Her başımı yastığa koyuşumda birilerini düşünüyordum. Kalbimde bir iz çıkartanlar ve biri geçmeden diğerini ekleyenler. Tabi hepsiyle birer anım vardı. Birisinin karşısında heyecandan duramayıp her kelimemi kekelemem. Birisi için istenilenden daha erken uyanmam. Ben onun için en kıymetlimden vazgeçiyordum. Uykumdan... Ancak o, hiçbir zaman bunun kıymetini anlayamayacak. Tabi onları düşünürken kulaklığımda bana eşlik eden şarkılar. Bunun tadı çok başka oluyordu. Aklımın üzerine adeta bir köprü kuranlar, bana tüm şarkıların benim için yazıldığı hissini veriyordu. Kafam çok karışık idi, kalbim de öyle. Hatta öyle ki kendimi bu yüzden edebiyatın şefkatli kollarına bıraktım. Duygularımı, düşüncelerimi yazdığım şiirlerle belirtiyordum. Ve kalbimde iz bırakan herkes şiirlerimde birer dizeydi, kafiyeydi.
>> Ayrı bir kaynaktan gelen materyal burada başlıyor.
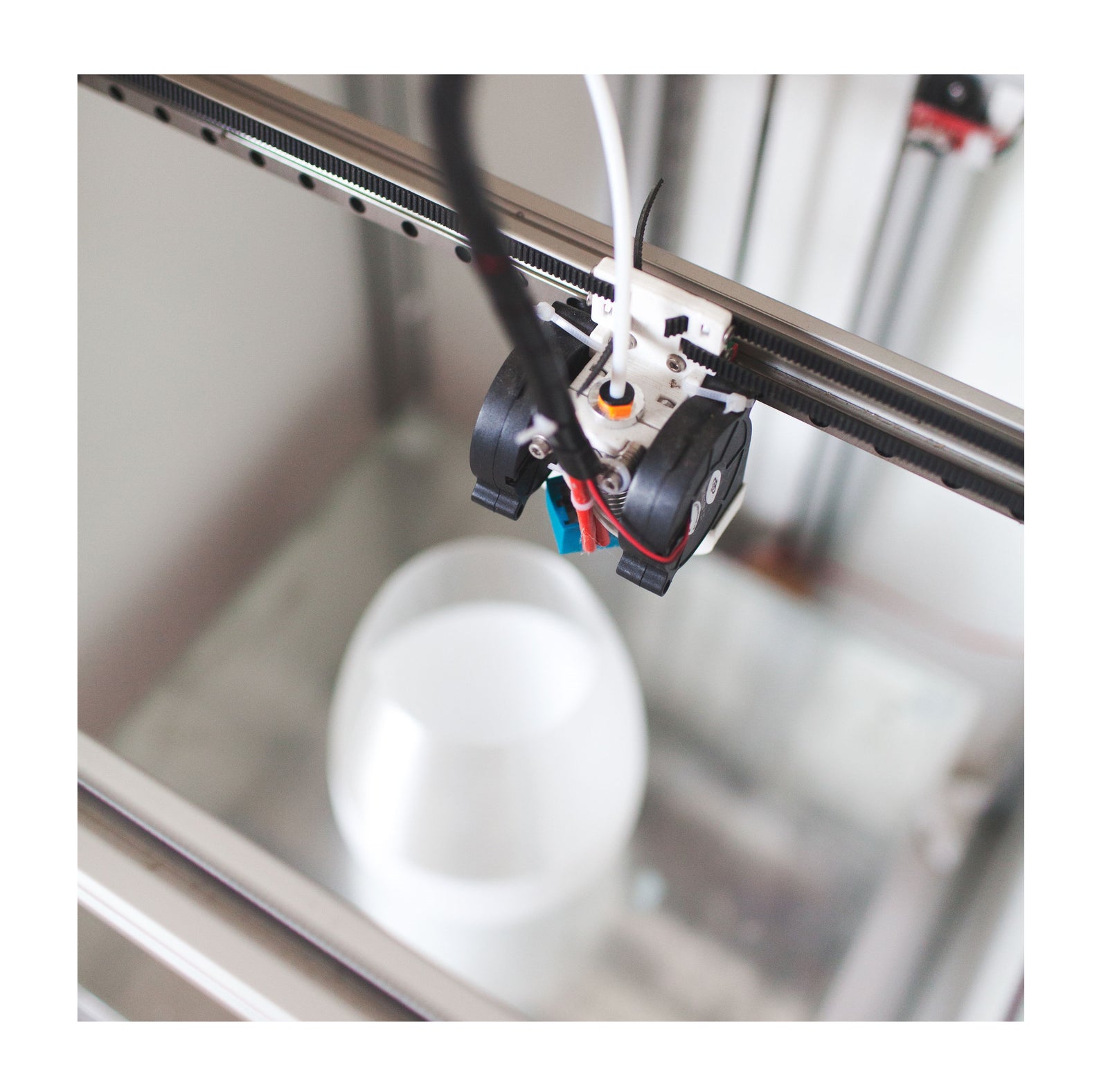 Each lampshade is printed with the 3D printer that we built ourselves and takes about 4 hours to print. For this we’ve used PLA filament, a biodegradable plastic, which is obtained from agricultural crops such as corn and sugar cane.

Doğduğumdan bu yana bana hiçbir zaman masal anlatılmadı. Sanki ben farklı bir dünyadan gelmişim gibi. Yani o zaman da bunları düşünüyordum. İzlediğim dizilerde anneler her zaman çocuklarına masallar anlatırdı. Bundan dolayı içten içe kızıyordum anneme. Ancak başımı her yastığa koyuşumda annemin yanağıma tam da istediğim gibi ıslak bir öpücük kondurması günün tüm kızgınlığını alıp götürüyordu. Zaten masallar benim neyime? Ben küçükken de realisttim. Masalları hep aptalca bulurdum. Halen de öyleler. Ancak televizyoncuların bize aktardığı şey, özenmemize sebep oluyordu. Prensin birinin gelip bir prensesi öpücüğüyle uyandırması inanılmaz görünüyordu. Ondan sonra zaten sadece prensesimi düşünerek uyuyordum. Prenses olarak yastığımı öpmem biraz garipti. Ancak inanılmaz hayal gücümle Angelina Jolie'yi bile öpebiliyordum. Küçük dostlarım sevgilileriyle öpüşme maceralarını anlatırken benim aklıma hep bu gelirdi. Daha sonra yüzüme düşen aptalca gülümseme aklıma geldikçe halen gülüyorum. Allah'ım ne kadar da aptalmışım!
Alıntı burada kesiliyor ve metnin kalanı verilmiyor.